When shooting this camera for the first time, I was immediately aware of the focus speed and torque. I have several AF and AF-D lenses that require the F5’s screw mount auto-focus motor to focus. When you half depress the shutter button and activate the focus motor, the torque generated will cause the body to heel over if you don’t have a firm grip. It’s very powerful and focuses screw drive lenses faster than any camera I’ve used in the past.
Auto-focus is not just fast, it’s also accurate. Nikon used a new Multi-Cam 1300 auto-focus system for the F5. It’s basically a 5 point AF system that covers the center area of the cameras viewfinder. It has 3 modes, Manual, AF-Single Servo and AF-Continuous Servo. On top of that you can select one of five auto-focus points individually or all at once in Dynamic AF Mode. Compared to modern DSLR and mirror-less auto-focus systems, this seems rudimentary, but it’s a very competent auto-focus system.
Metering is another positive for this camera. It incorporates a 3D Color Matrix system which uses a 1005 pixel RGB sensor to measure color, brightness, and contrast within a scene. Using 3 metering modes, Matrix, Center Weighted and Spot, there are plenty of options to meter a scene correctly. Using the camera’s custom function settings, we can change the size of the center weighted area to suit the photo or photographer’s specific needs. It also rotates the spot metering area to match whichever auto-focus point we’ve selected.
The F5 includes the same shutter and shooting mode settings of most Nikon pro bodies. Single Frame, Continuous Low, Continuous High and Continuous Silent are all present. Shooting modes include the acronymic PASM; Programmed Auto, Aperture Priority, Shutter Priority, and Manual.
One of the best attributes of the F5 is its F-Mount lens compatibility.
Nikon has maintained general functionality of a single lens mount for their SLR and DSLR cameras since 1959, the ubiquitous F Mount. And the F5 continues this trend. It can mount all AI, AI-S, AI-K, AF-D, AF-G, AF-S and VR F Mount lenses, versatility that’s truly remarkable. We can even mount and use the 24mm, 45mm and 85mm PCE tilt shift lenses. What this means is that F5 users have a massive amount of lenses to choose from, which means it’s possible to find any focal length, any speed, and style lens at an acceptable price point.

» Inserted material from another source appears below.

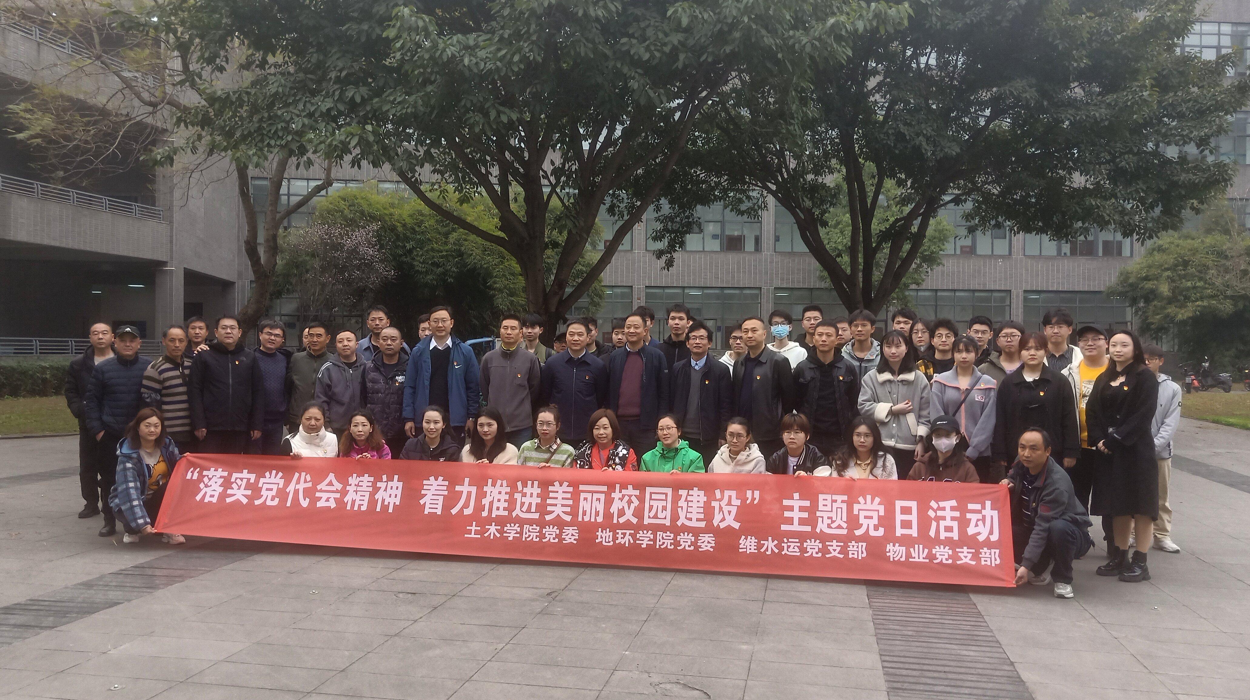 党委联合土木学院党委、维水运党支部、物业党支部,开展主题为“落实党代会精神,着力推进美丽校园建设”的党日活动,对犀浦校区四号教学楼地面区域、地下停车场进行环境整治与全面清扫。学院中共预备党员、党员发展对象、入党积极分子共10人报名清扫地面区域,18H

Unfortunately it won’t control the current AF-P or newest E lenses.
My Long Term Experiences with the Nikon F5
I briefly mentioned some of the things I love about this camera. The handling is very satisfying and something every film lover should experience at least once in their lives. The buttons and dials seem to be in exactly the right place for all shooting situations. It has two shutter buttons, one on top for normal shooting, and one on the built-in grip for portrait orientation. Each shutter button incorporates locking switches to prevent accidental shutter releases (which happens to the best of us). The shooting modes and auto-focus modes are all easily accessible. The metering switch is very conveniently placed on the viewfinder housing for quick access. And there’s even a built-in viewfinder shade for long exposures. This camera is obviously well-thought-out and it shows.

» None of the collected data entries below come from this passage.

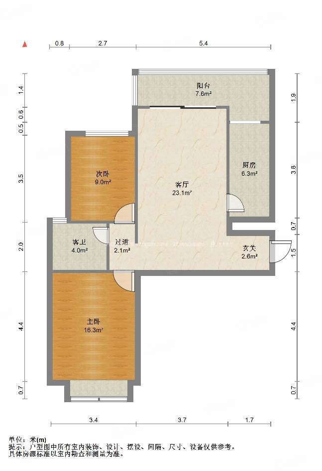 厅室2室1厅1卫0阳台
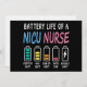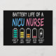 Humorous shift chart showing the battery life of a NICU nurse, also known as a neonatal intensive care unit nurse, with colorful levels from start to double shift. Ideal for neonatal nurses who enjoy relatable workplace humor.
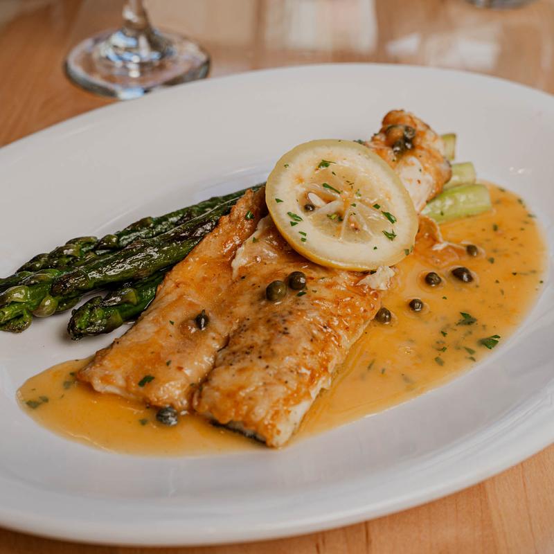 Mediterranean sea bass in a lemon capers, white wine & lobster bisque sauce w/ grilled asparagus

The camera itself utilizes 8 AA Alkaline or Ni-NH batteries that insert into the grip. Having the ability to use new batteries means we don’t have to fuss with obscure or antiquated rechargeable battery types. Many photographers in the past reported their F5’s consumed batteries quite rapidly, but this has not been my experience. It is rumored that Nikon fixed the battery drain issue early on in the production run, and my model is a later serial number. This perhaps lends some credibility to the anecdote.
My first few rolls were shot using AF-D lenses which focused perfectly. At this point I was very curious to learn how it acted with modern auto-focus lenses. My main concern was focus accuracy on lenses like my 14-24mm G, 70-200mm VRII, 85mm G, etc. I set up a simple test pattern and rotated through my lenses to check for focus accuracy. Inspecting the film afterwards, many of them focused perfectly, even wide open, but some didn’t until after F4-5.6 depending on the lens. Unlike DSLRs, the F5 does not have auto-focus fine tune. You have to do similar tests on your own lenses to ensure focus accuracy so you don’t miss a shot when it counts.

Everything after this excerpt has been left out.